Broken Sword 5 Recensione: il ritorno di George Stobbart, tra capre, quadri maledetti e pittori hippie

Quella dei Punta e Clicca, diciamocelo, è una storia lunga e travagliata e che, nelle ultime decade, ha perso gran parte del suo smalto. Complici piattaforme di gioco sempre più potenti, i generi videoludici si sono evoluti al punto da tale da creare nuovi – e più complessi – meccanismi di gioco, lasciando ai Punta e Clicca ben poco spazio e visibilità, nonostante fossero stati tra i videogiochi più amati di sempre.
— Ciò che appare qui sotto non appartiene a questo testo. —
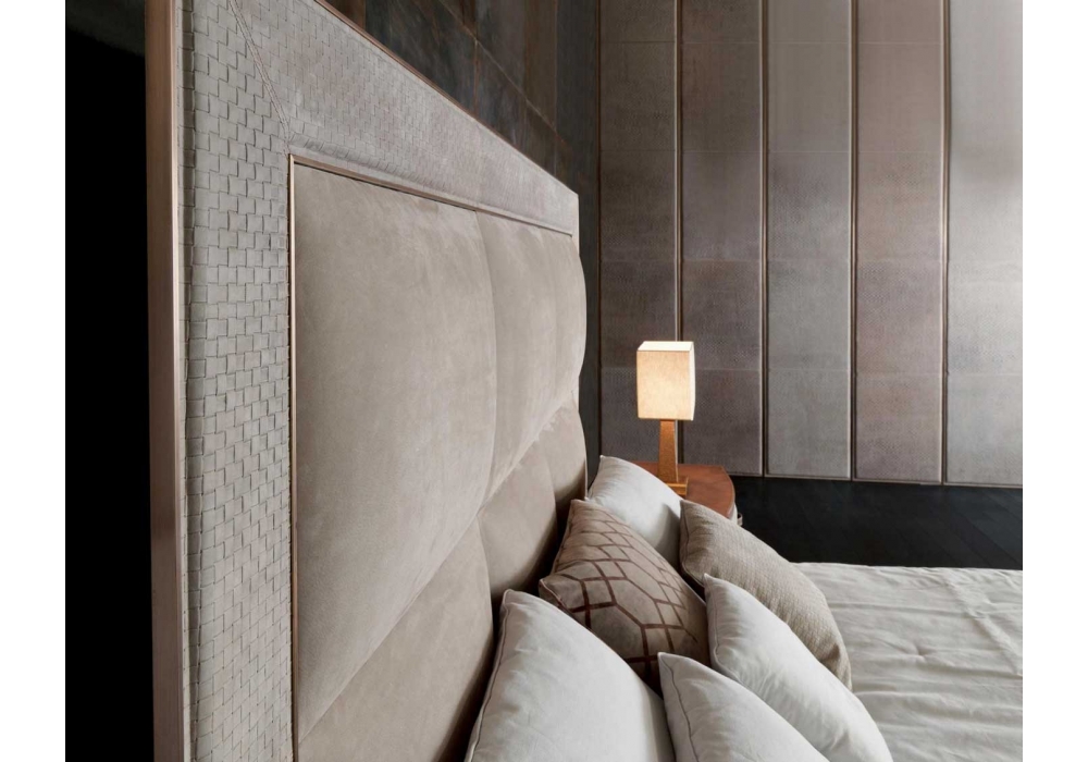 Aura diseñada por Rugiano es una cama con cabecera baja y tapizado en piel o tela en diferentes acabados. También disponible en la versión con caja de almacenamiento. Detalles de latón bronceado. Colchón no incluido.
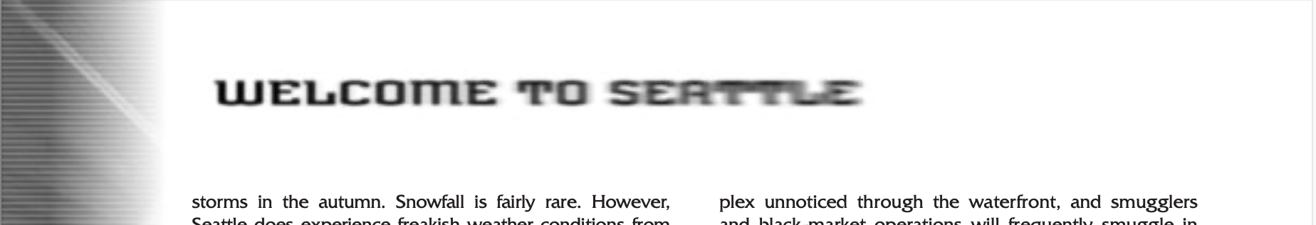 Shadowrun is a roleplaying game that was first released in 1989 by FASA Corporation, and is still published today in its current, sixth edition. For most of those editions, the primary typeface for body text has been Friz Quadrata (1966), which was also used for the game’s logo for the first and second editions (the latter from 1992), shown above.
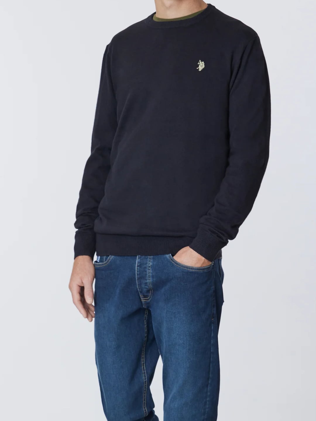 Us Polo Assn Maglia Girocollo Cotone e Cachemere Nero
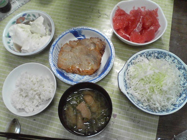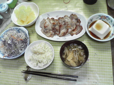今日は豚肉などを頂きます。素焼きの豚肉、おろしニンニクと醤油で頂きます。豆腐も頂きます。味噌汁はシメジとあぶらげ・・キャベツサラダも頂きます。グレープフルーツも・・今日もおいしく頂きました。
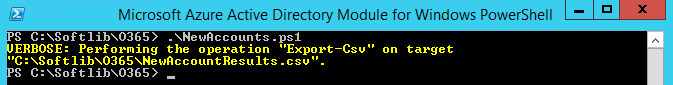 -LicenseAssignment $_.AccountSkuId} | Export-Csv -Path "C:\Softlib\O365\NewAccountResults.csv"
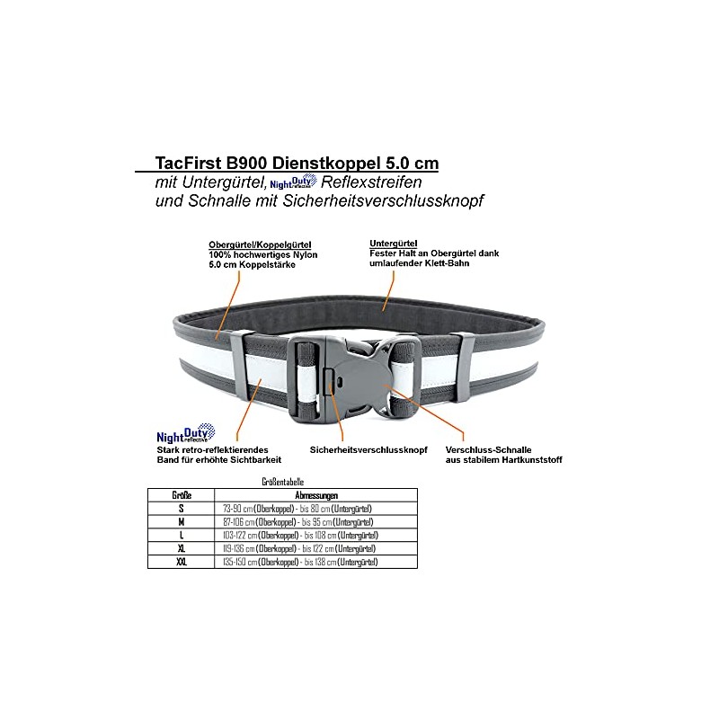 TacFirst Service Belt Black Police Security BW Emergency Service with Velcro Lower Belt, Nightduty Reflective
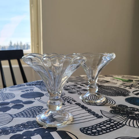 Annetaan kulhoja 6kpl. Värinä puoliksi vihreä ja puoliksi valkoinen, keskellä hyvin vaalean sininen raita. Siistissä kunnossa ja ehjiä. Mitat kuvissa 2&3. Yhden kulhon pohjassa pieni halkema "jalassa", ei vaikuta käyttöön. Kulho pysyy tukevasti pöydällä. Osassa kulhoista jotain jälkiä ulkoreunoilla (kuva 6). Haku Savonlinnan Hernemäeltä.
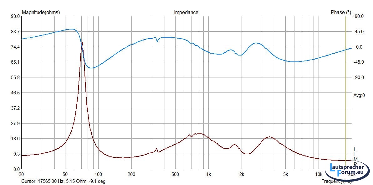 Messung wieder im unbedämpften CB Gehäuse, deswegen der etwas unsaubere Impedanzgang.
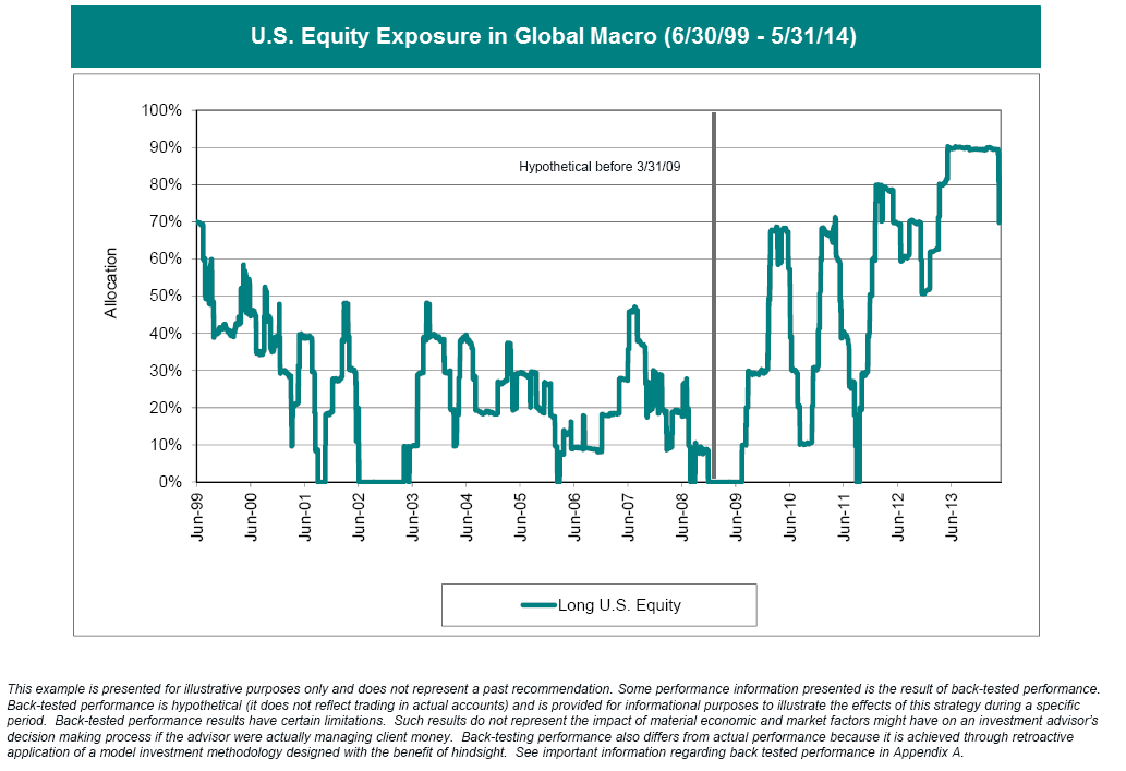 Meanwhile, U.S. equity exposure in our Global Macro portfolio has been on the rise in recent years. This global tactical asset allocation fund is driven by relative strength and as a result it dispassionately overweights those asset classes demonstrating the best performance.
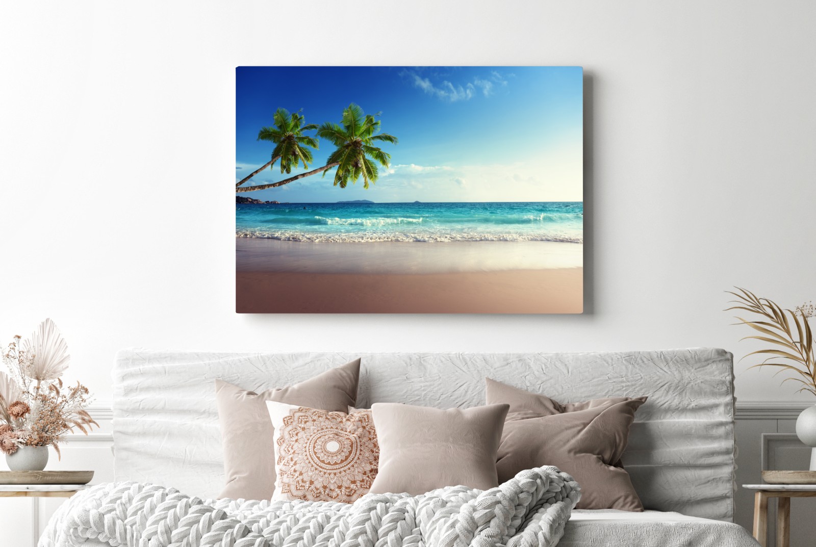 Bringen Sie die ruhige Schönheit eines tropischen Karibikstrandes mit türkisfarbenem Wasser, wiegenden Palmen und feinem Sand in Ihr Zuhause.
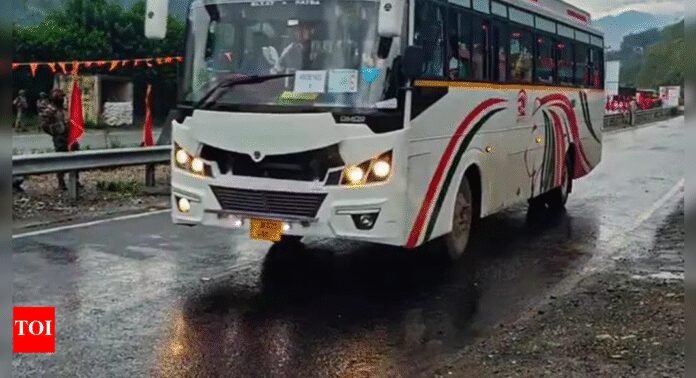 JAMMU: A Pahalgam-bound vehicle part of the Amarnath Yatra convoy hit a divider in Udhampur’s Chenani area early Wednesday, leaving the driver injured, even as four passengers escaped unscathed.Preliminary probe suggested the driver may have dozed off at the wheel, leading to the accident around 6.17am. “The injured driver, Shashikant, is a resident of Haryana’s Karnal. He was admitted to Udhampur GMCH with a head injury,” said an official.Meanwhile, the eighth batch of Amarnath yatris — comprising 7,579 pilgrims — set out early Wednesday from Jammu’s Bhagwati Nagar base camp for the holy cave shrine nestled in the Himalayas. Of them, 3,031 pilgrims chose to travel via the Baltal route, while 4548 devotees opted for the traditional Pahalgam route, officials said.Last week, 36 were injured when four buses ferrying Amarnath pilgrims had a chain collision in Ramban’s Chanderkote on the Jammu-Srinagar NH on July 5. On July 3, two yatris were injured inside Tunnel no. 3 of the NH’s Khooni Nala section when their car hit a minibus.This year’s annual Amarnath Yatra commenced on July 3 and will conclude on Aug 9 (Shravan Purnima/Raksha Bandhan).

Tra questi è impossibile non citare i capolavori LucasArts e l’altrettanto famoso Broken Sword! Titolo non ancora dimenticato dai fan e che grazie all’ausilio di Kickstarter è stato possibile riportare in vita. Di fatto Broken Sword 5 è stato già rilasciato da più di un anno su PC e PlayStation Vita, ma solo di recente è approdato sulle console di nuove generazione. Riuscirà Broken Sword 5 a ritagliarsi uno spazio tutto suo in questo mercato sempre più avaro di idee e innovazioni?

Broken Sword 5 Recensione Stay Nerd

Inizia sempre così… con la morte! Chiunque conosca la saga, sa a cosa mi riferisco e anche questo capitolo non è da meno. Si parte con un apparentemente banale delitto: un uomo entra in una galleria d’arte di Parigi, cerca di rubare un quadro e nella colluttazione che ne consegue spara al proprietario del negozio. Un delitto semplice che, per quanto triste, ci ricorda fatti di cronaca nera che fin troppo spesso siamo costretti a leggere sui quotidiani. Nulla di interessante o di particolarmente emozionante… almeno fin quando il duo Stobbart/Collard non inizierà ad indagare. Ben presto piccoli dettagli sparsi sul luogo del crimine delineeranno una situazione ben più complessa e misteriosa. Il quadro in questione “La Maledicciò” pare essere maledetto e, come se non bastasse, collegato ad una setta religiosa alla ricerca di un misterioso artefatto capace di portare orrore e distruzione sul nostro pianeta.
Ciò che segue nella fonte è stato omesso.